As I emptied the car of my possessions, I felt a moment of liberation. This nothing that I feel, it isn’t so bad. I could pick up and travel through another country—many countries, a dozen countries!—without feeling regret or longing. I am untethered, unbound, I am free! I am a single human, unattached. For a moment I felt giddy. But as I filled up my new space with things, and my father hugged me and said goodbye, see you, the heaviness returned. I felt a loss incalculable, which I hadn’t felt in a very long time. The last time was a hospital: like a dorm, housing for utility’s sake. Residents circulate, no one stays for long. People passed me by carrying luggage, while images one by one made me very still: a book laying face down on its pages on the kitchen table, a broken video game controller that needs to be fixed, a picked-through gift basket from some party.

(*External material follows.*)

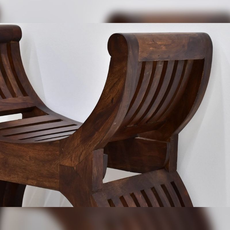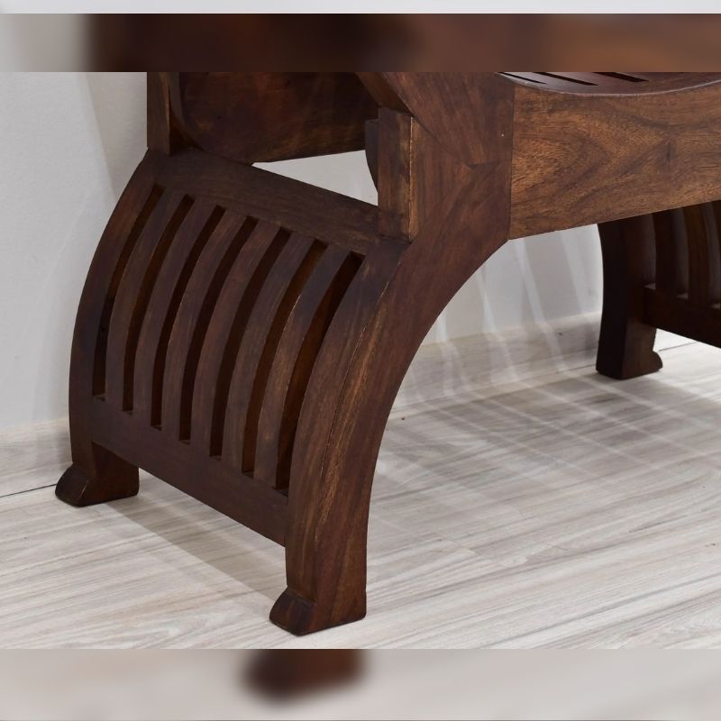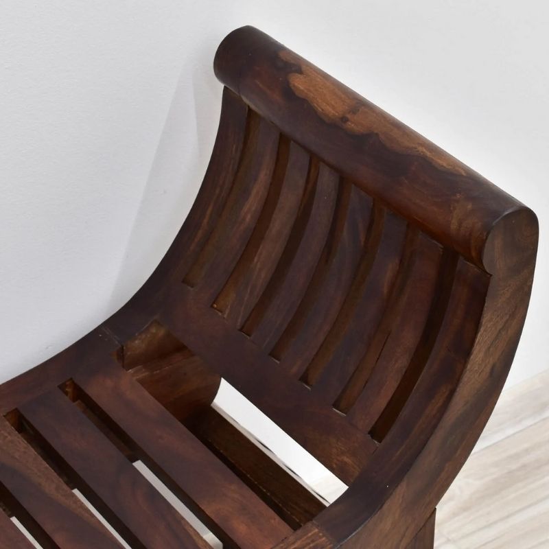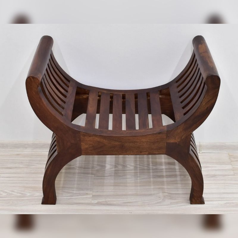 A solid rosewood bench in the Roman style is made of durable rosewood. It is a structure based 100% on solid wood, colored dark brown. It will be perfect as a bench with a dressing table in the bedroom or simply as a practical seat in the hall. The height of the seat from the ground is 39.5 cm.
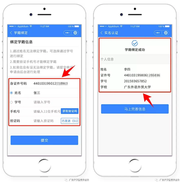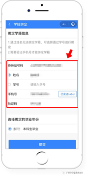2.“绑定学籍信息”并“提交”。

Under the palm tree, there is a tiny grave somewhere. Here, I grow certain of something. Maggie and I had knelt by the bird a long time. We said a prayer. Our hands were dirty and lay in our laps, but we felt calm. A gust of winter wind cuts through me, like a reminder that I should keep walking: this is not my property anymore. A few days ago I had, as they say, come home. I had felt the impulse to look at the house that I grew up in, and so I walked here, to stand in front of a home that is no longer mine. It is here that I remember a very specific feeling more vividly than anywhere else. For a moment, I am tethered; for a moment, something unwinds. The feeling is relief, and it is familiar.